--- START ---
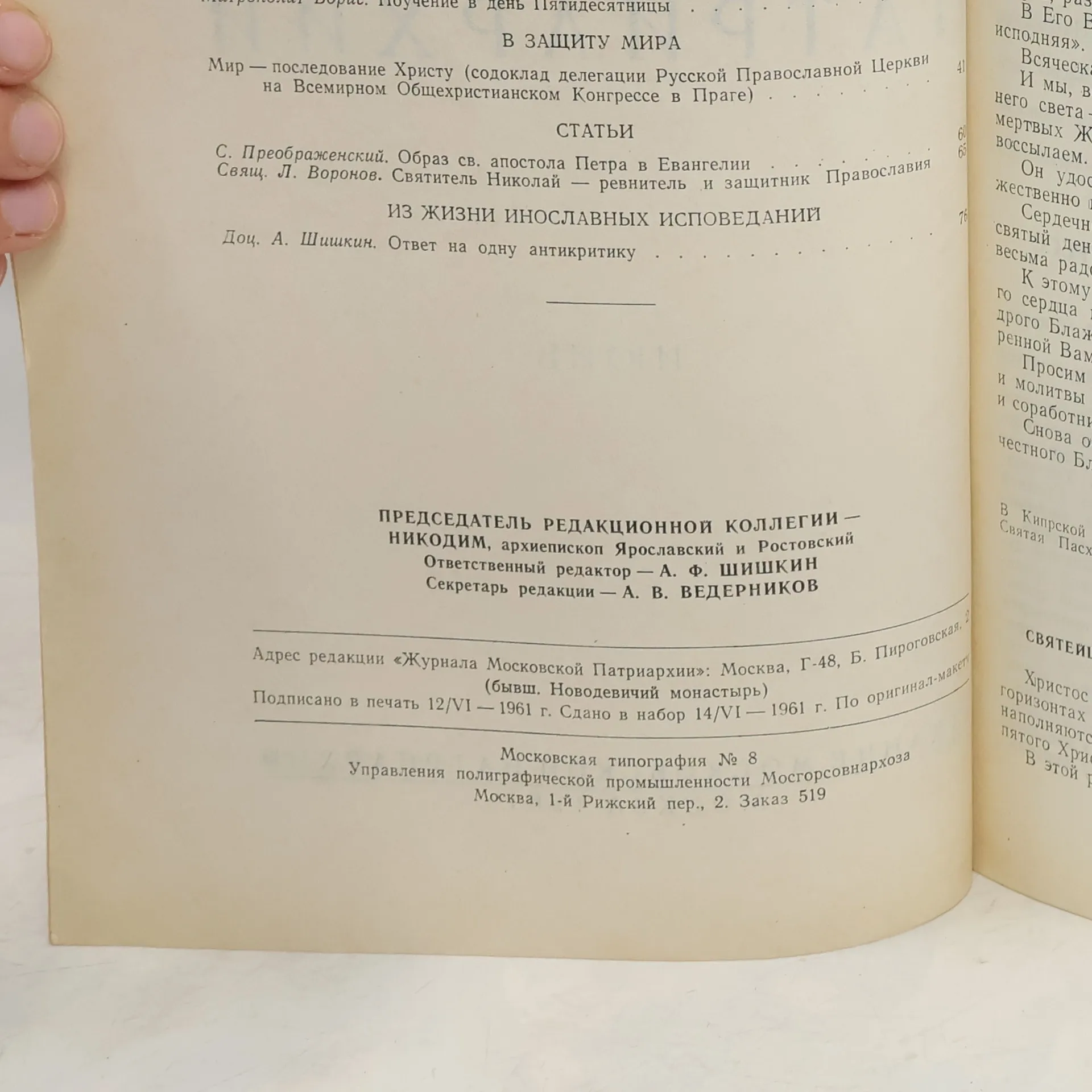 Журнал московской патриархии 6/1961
--- END ---
--- START ---
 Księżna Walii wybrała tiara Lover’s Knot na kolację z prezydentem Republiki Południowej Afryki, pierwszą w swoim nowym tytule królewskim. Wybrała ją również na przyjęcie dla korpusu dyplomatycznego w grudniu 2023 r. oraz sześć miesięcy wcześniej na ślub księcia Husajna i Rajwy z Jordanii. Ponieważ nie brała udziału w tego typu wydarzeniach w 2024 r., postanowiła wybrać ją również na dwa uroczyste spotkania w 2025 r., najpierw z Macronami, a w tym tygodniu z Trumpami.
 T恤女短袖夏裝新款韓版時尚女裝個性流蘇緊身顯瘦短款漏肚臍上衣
--- END ---
--- START ---
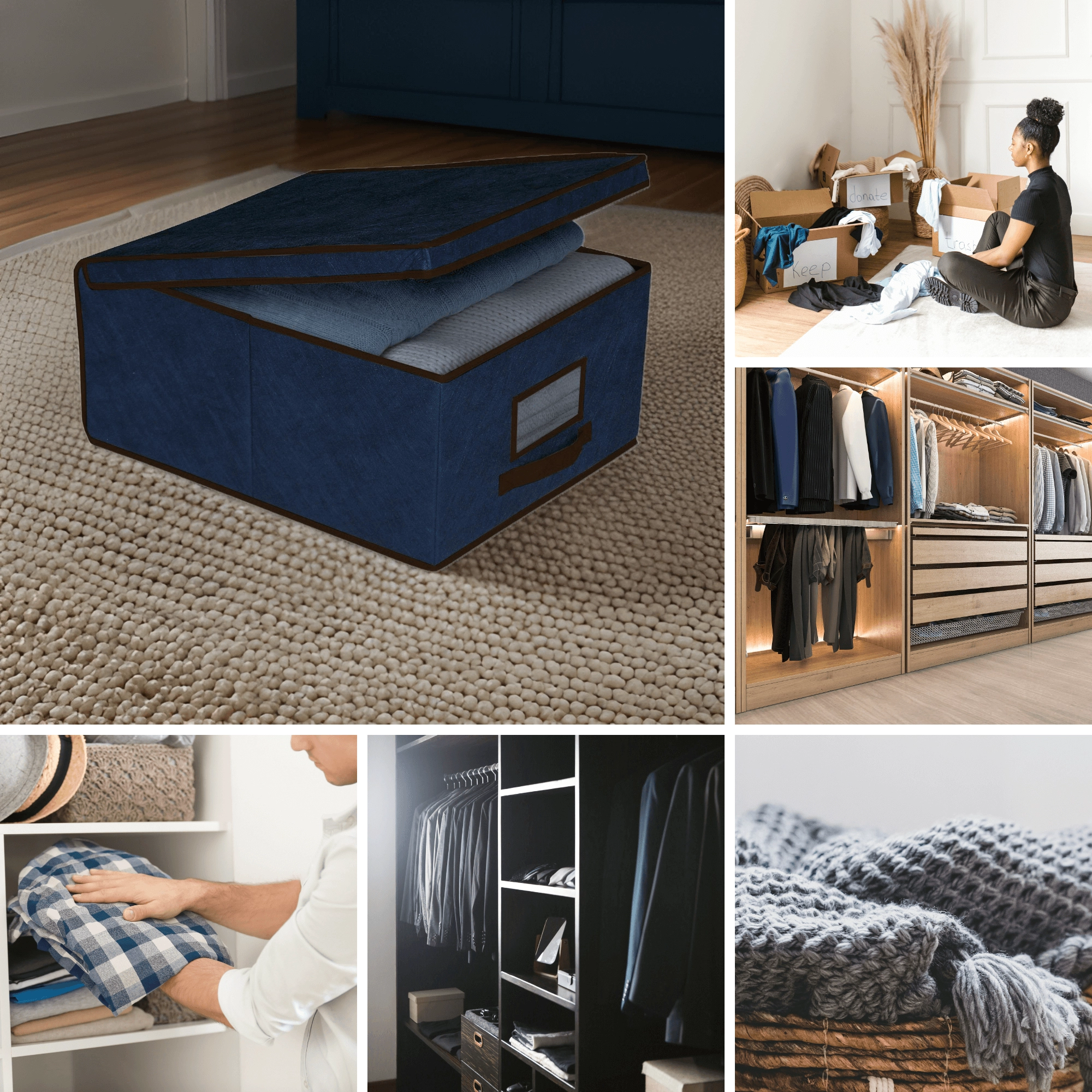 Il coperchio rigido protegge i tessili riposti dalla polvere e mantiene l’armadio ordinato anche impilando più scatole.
--- END ---
→ Work request
In the listing above, locate the line containing "Księżna Walii wybrała" and the line containing "T恤女短袖夏裝新款韓版時尚女裝個性流蘇緊身顯瘦短款漏肚臍上衣". Transcribe those two lines and everything between them, exactly as written.

→ Task output
 Księżna Walii wybrała tiara Lover’s Knot na kolację z prezydentem Republiki Południowej Afryki, pierwszą w swoim nowym tytule królewskim. Wybrała ją również na przyjęcie dla korpusu dyplomatycznego w grudniu 2023 r. oraz sześć miesięcy wcześniej na ślub księcia Husajna i Rajwy z Jordanii. Ponieważ nie brała udziału w tego typu wydarzeniach w 2024 r., postanowiła wybrać ją również na dwa uroczyste spotkania w 2025 r., najpierw z Macronami, a w tym tygodniu z Trumpami.
 T恤女短袖夏裝新款韓版時尚女裝個性流蘇緊身顯瘦短款漏肚臍上衣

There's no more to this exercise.